I've been trying to keep that in mind lately as little things come up. It's seriously not the end of the world and looking back later in life the little things I think are so big, probably won't even be remembered.
It’s seriously not worth stressing over all this small stuff. So I’m working on it!
Still, it’s easier said then done.




Thursday, April 22, 2010

Est. 1994.


15 years ago today our family became official. Mom and Dad had a "real" wedding and us three started our journey together. 15 years later we're still going strong, stronger then ever actually.We've added 3 more people which totally completes us and we all know what family is and what it means to us.
For me they're the biggest blessing I have. I'm soo grateful for all of them. I have an amazing life and I'm glad they make it possible and we all get to share it.
They're my best friends.
Happy Anniversary!

143.


Wednesday, April 21, 2010

MY life.

I can be who ever I want and those around me will respect it. With openness, love and encouragement.

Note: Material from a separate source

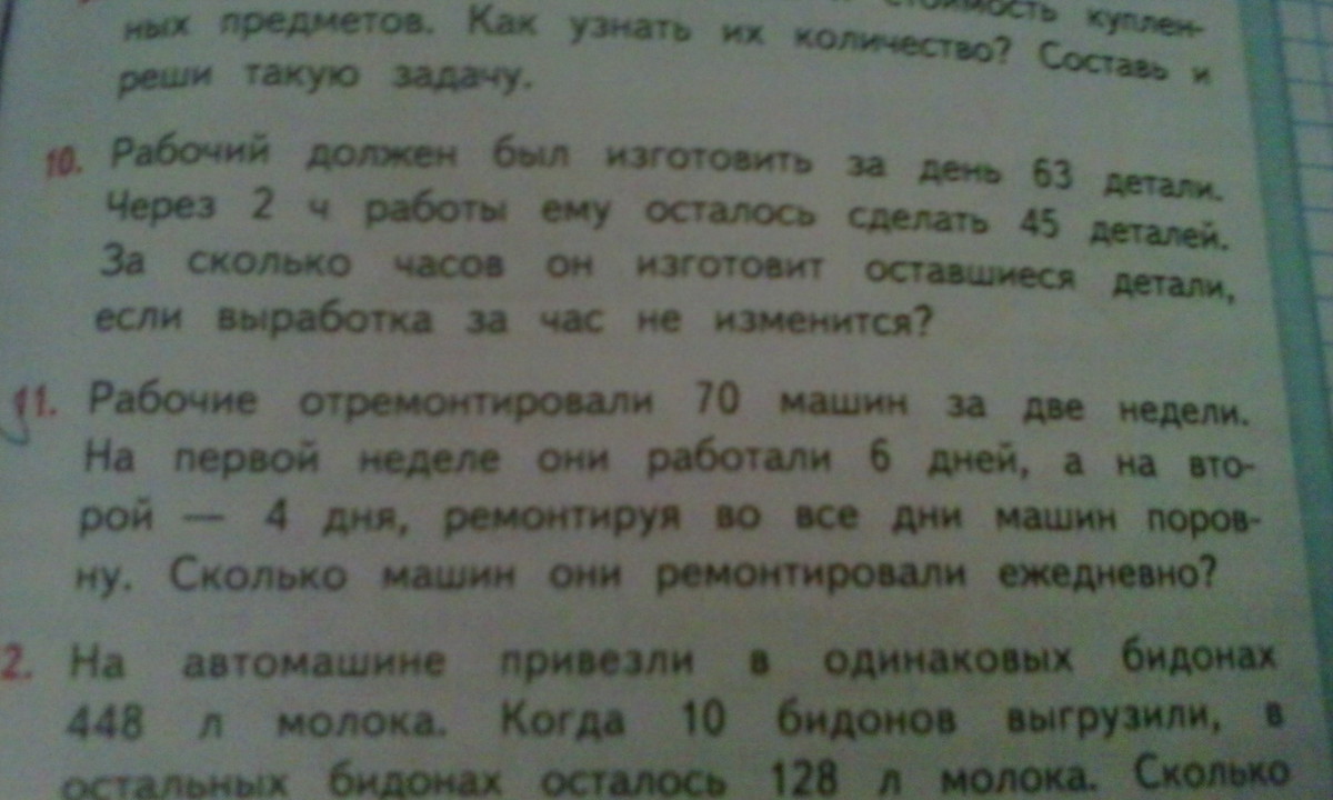 пусть Х машин рабочие ремонтировали за день, тогда 6Х + 4Х =70 10 Х = 70 Х = 7 машин рабочие ремонтировали в день 7 х 6 = 42 маш. отремонтировали за первую неделю 7 х 4 = 28 машин отремонтировали за вторую неделю. Ответ:7 машин рабочие ремонтировали ежедневно. .

I am the one who chooses how I live, how I progress and what my standards are. I choose to "never let my circumstances dictate my future" and to live as I want to. Taking advice from only those I admire, and doing what's best for me at that particular time. Living with no regrets, loving with no boundaries and dreaming as if I can achieve anything.
Because I can.
This is my world and I have to shape it before someone else does, going confidently in the direction of my dreams.
I choose.
It's my life.

Tuesday, April 20, 2010

Who am I?

I've been thinking a lot lately about myself, and I've come to the conclusion that I don't really know who I am. Not in a bad way, I just don't really get myself yet. Why do I do the things I do? Who do I want to be? What makes me, me? It’s a lot to think about.
I guess no one has them self 100% f
igured out though, right?



Monday, April 19, 2010

Being social.

The truth is... Being in one place scares me. The whole not moving around, seeing the same thing everyday and seeing the same people frequently has been alot to handle for me and my whole family lately. Sounds terrible right, like I can't handle living "normal" like everyone else. It's not that I dislike where we are, I keep hearing "It's Florida you should be happy, people go there for vacation" yeah, that's true. The place isn't bad, it's actually quiet nice. It's not that I dislike the people, cause I have actually met some really great ones who I enjoy. It's just a change.

But my biggest thing is being around people... sounds like a hermit, right? I like the feeling of meeting someone hanging out and moving on, does that mean I'm un-social? I have good relationships with friends who I don't see on a weekly basis, they're still my "best friends", but lately I've been feeling the distance. With distance in miles sometimes becomes distance in friendships, and that sucks. So maybe being in one place will be good for me in that sense. Meeting new people and having relationships where we actually get to see each other frequently. I feel so different from everyone around me though which makes me not even want to try. That's my problem, only I can choose to not be so closed off to those around me.

But now I'm going to put my self out there, be open to new people, new friendships and new experiences. Hello, positivity.